We observed a negative association between BCVA outcome and both the preoperative height and extent of RRD. These findings are consistent with those of experimental studies on animal model that showed more progressive outer retinal damage with greater height of the retinal detachment.1, 17, 22 Accordingly, clinical studies, evaluating the morphology of the detached macula in primary RRD by SDOCT, showed that higher retinal detachment at the fovea was correlated with dropout of foveal photoreceptor IS/OS layer and worse postoperative VA.23, 24

Although we did not find any significant difference in VA outcome between eyes with persistent subfoveal fluid and those without subfoveal fluid, subgroup analysis revealed that in those eyes with residual subfoveal fluid, the disappearance of fluid was associated with an improvement in visual acuity. Our results, along with those of Benson et al8 and Seo et al,10 suggest that there is an association of delayed visual recovery in patients with macula-off RRD and residual SRF; however, the final visual outcome does not seem to be affected. In addition, we found no association between height or width of subfoveal SRF and VA outcome. Mean height of subfoveal SRF in our series was relatively stable at ~90 μm until SRF disappeared. Similar to our results, Seo et al10 observed that persistent SRF of ~100 μm height within 12 months may slow visual recovery but does not cause VA loss after SB surgery for macula-off RRD. However, BCVA, which was used in our study as well as in previous reports, might not be enough to evaluate the detailed visual function. Indeed, Okamoto et al,25 in a recent study evaluating metamorphopsia after RRD surgery, found that metamorphopsia was more severe in eyes with persistent submacular fluid. Further studies using other measurement of visual function such as microperimetry and contrast sensitivity can better evaluate the actual clinical implications of persistent SRF in this setting.
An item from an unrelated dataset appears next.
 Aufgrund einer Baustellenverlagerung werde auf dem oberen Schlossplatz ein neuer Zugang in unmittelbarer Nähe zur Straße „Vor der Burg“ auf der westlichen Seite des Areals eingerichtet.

The limitations of the present study are its retrospective design and the small sample size.

In this retrospective series, our results showed that 62.5% of eyes with macula-off RRD had persistent SRF on OCT at 1 month after SB surgery. Visual improvement may occur with late resolution of residual subfoveal fluid.
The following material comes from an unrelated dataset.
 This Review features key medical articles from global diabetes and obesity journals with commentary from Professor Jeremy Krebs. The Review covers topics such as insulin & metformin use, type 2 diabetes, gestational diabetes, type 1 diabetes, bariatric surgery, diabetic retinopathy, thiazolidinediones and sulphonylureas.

Serial morphological analysis of residual subfoveal bleb showed no relation between VA outcomes and the bleb size. We further demonstrated that a bleb width-to-height ratio >7 indicates a higher risk of SRF to persist beyond 6 months after surgery. This clinical information may have valuable implications for the patient’s prognosis and may allow clinicians to better address patients’ expectations of visual recovery after surgery.